About the job
Join Our Team
We invite you to become a vital part of Evolv as a Senior Data Infrastructure Engineer within our Machine Learning & Sensors organization. This pivotal role entails the design, construction, and maintenance of robust, secure, and scalable data pipelines that drive our AI/ML research and production systems. You will take charge of the complete data lifecycle—from ingestion across thousands to millions of edge devices, through cloud processing, to a centralized data factory that supports model training, evaluation, and ongoing enhancement.
Data is at the core of our mission to revolutionize AI-based weapon detection systems. Your expertise will ensure seamless data flow across various geographies, devices, and cloud systems, while adhering to stringent standards for quality, privacy, security, and scalability. This position is perfect for someone who is passionate about the intersection of distributed systems, cloud pipelines, and ML-driven data requirements.

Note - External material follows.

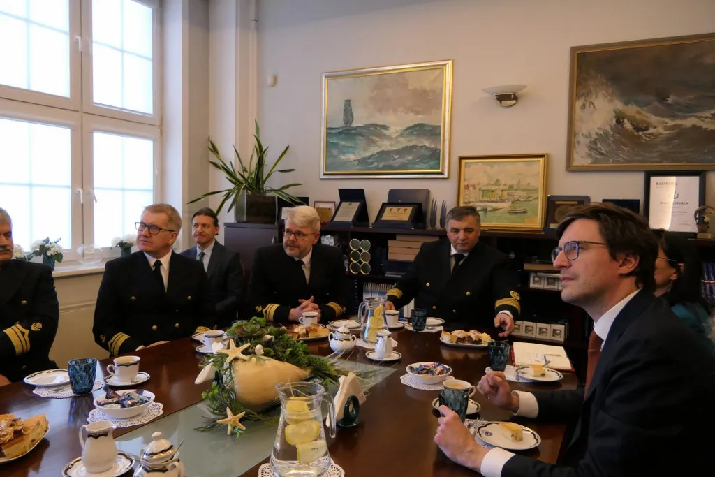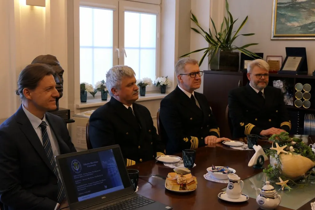 W spotkaniu ze strony Uczelni udział wzięli: JM Rektor prof. dr hab. inż. kpt. ż.w. Adam Weintrit, Prorektor ds. Nauki dr hab. Dariusz Barbucha, prof. UMG, Prorektor ds. Studenckich i Kształcenia dr hab. Sambor Guze, prof. UMG, Prorektor ds. Umiędzynarodowienia, Współpracy i Rozwoju prof. dr hab. inż. Tomasz Tarasiuk, Dyrektor Działu Armatorskiego i Praktyk Morskich mgr inż. kpt. ż.w. Dariusz Jellonnek oraz dr inż. kpt. ż.w. Piotr Kopacz z Wydziału Nawigacyjnego UMG.

Success in the Role: Your First Year
In the first 30 days:
- Gain an in-depth understanding of our existing edge-to-cloud data pipelines and deployment environments.

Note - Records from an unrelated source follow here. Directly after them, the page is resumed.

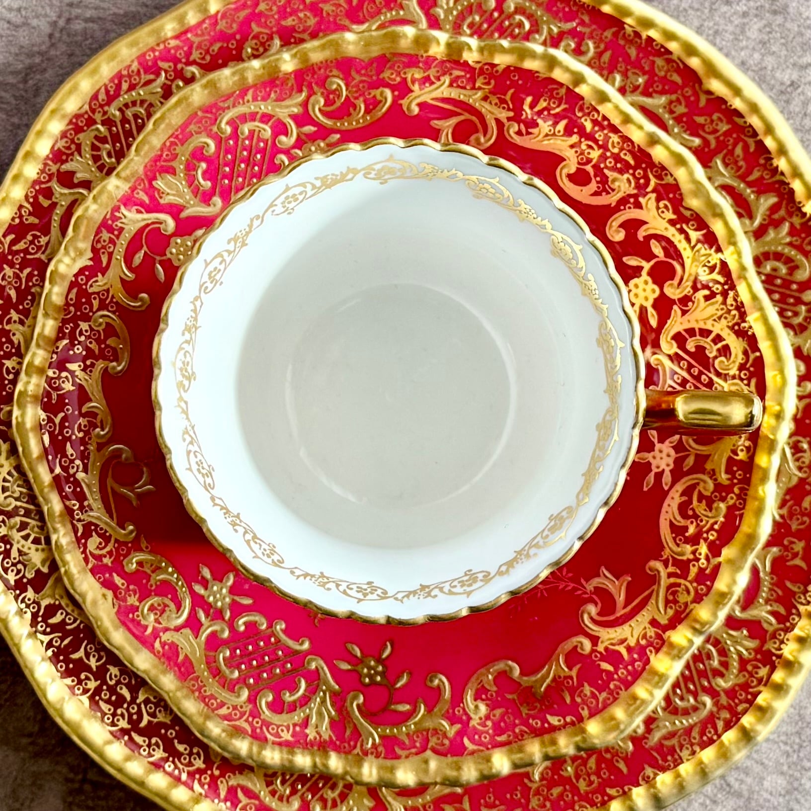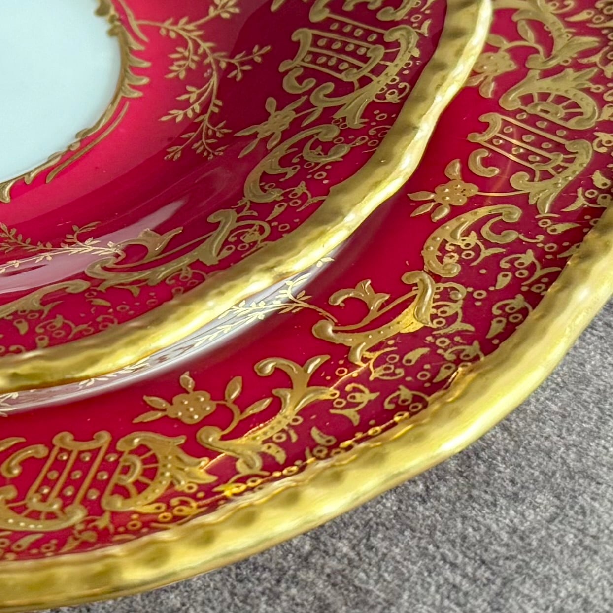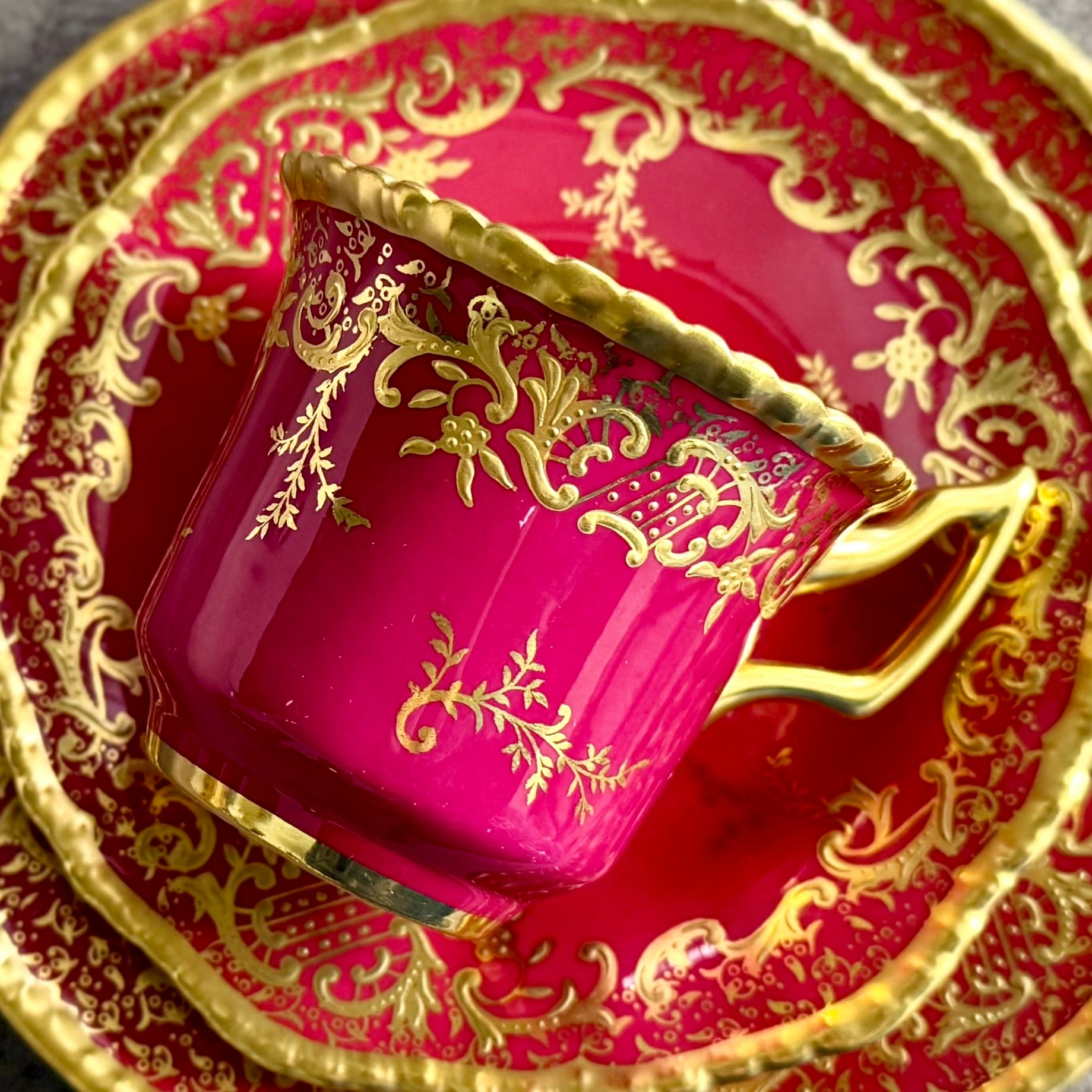 深い燕脂地にゴージャスなレイズドゴールド。精度も非常に高く、同窯の技術力の高さが窺えます。
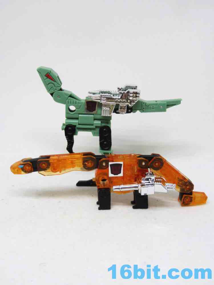 The tapes are the selling point for a lot of fans, given the original molds for Uruaz and Dairu were never sold in the USA. Also, it looks like these aren't the original molds - some details are a little different, the toes don't quite fold down for the combined mode. Each cassette is just fine though, and the individual dinosaur modes work fine with their accessories. The combined head looks off as some have pointed out, and of course Uruaz is a Decepticon orange recolor that doesn't look like the original Saur/Zauru. It's different. It's also worth noticing that Dairu has very different rivets and even some altered sculpted details from the original Dile toy. I don't think people with the genuine article are going to be too concerned about someone confusing the reissues for the originals.
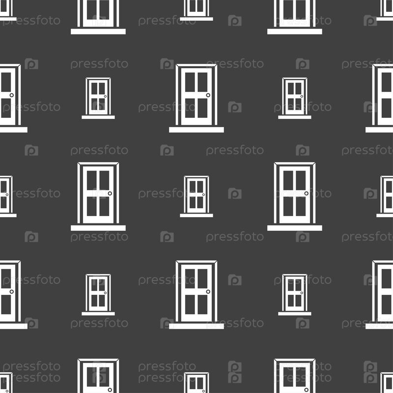Дверь. Бесшовный узор на сером фоне. Вектор
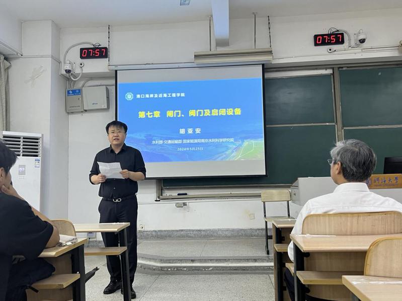 为推动国家级一流本科专业建设,高清av 开展了“院士进课堂”系列教学活动。5月25日上午,学院特别邀请中国工程院院士、南京水利科学研究院水工水力学研究所所长胡亚安院士为学院2021级本科生讲授《渠化工程》课程。渠化工程课程教学团队教师、2021级全体本科生参加。
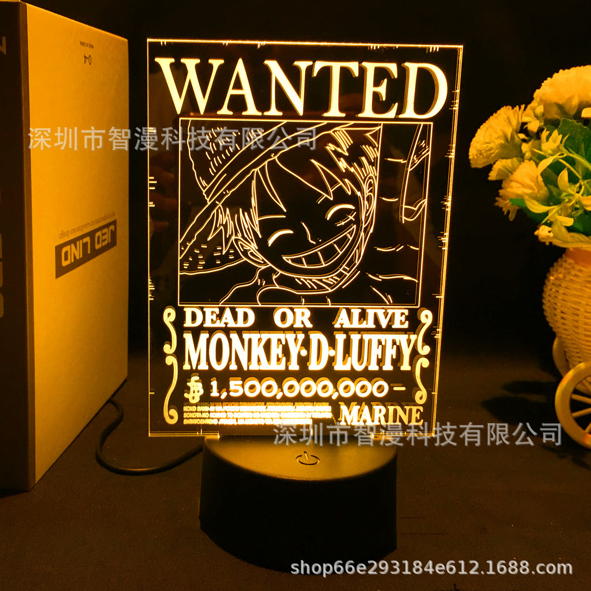 One piece Luffy lampu malam 3D, hadiah dekorasi lampu meja akrilik remote control sentuhan warna-warni LED dua dimensi anime
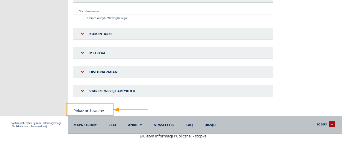 Dodatkowo pod danym artykułem użytkownik, może odnaleźć odnośnik Pokaż archiwalne, którego użycie spowoduje wyświetlenie archiwalnych wersji artykułów.
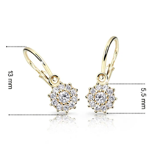 Dětské zlaté náušnice ze žlutého zlata 585/000. Náušničky pro děti ozdobené třpytivými kamínky. Náušnice pro miminko se zapínáním na bezpečností dětskou brizuru. Průměr ozdobné části s kamínky 5,5 mm, celková výška náušniček 13 mm. Celkové rozměry náušniček najdete na podpůrném obrázku.

- Evaluate current data ingestion processes, governance frameworks, and cloud infrastructure.
- Identify challenges related to data reliability, quality, and operational scalability.
- Establish rapport with AI/ML, data science, field operations, and cloud engineering teams.
- Design and prototype both cloud and edge data processing pipelines.
Within the first three months:
- Implement enhancements to critical ingestion, validation, and processing pipelines.
- Deploy scalable data pipelines using AWS components such as S3, EC2, Lambda, Glue, Step Functions, and SageMaker integrations.
- Develop automated validation workflows to identify data corruption, missing metadata, or malformed data.
- Create automated model evaluation, training, and improvement pipelines to accelerate experimentation.
- Collaborate with field operations to enhance data reliability, observability, and coverage.
By the end of the first year:
- Oversee the entire lifecycle of mission-critical data pipelines that support AI/ML research and production.
- Architect advanced edge-to-cloud data systems capable of scaling across millions of devices.
- Establish and enforce data governance frameworks, including retention, access control, privacy, and lineage.
- Enable ML teams to quickly conduct experiments with high-quality, discoverable, versioned datasets.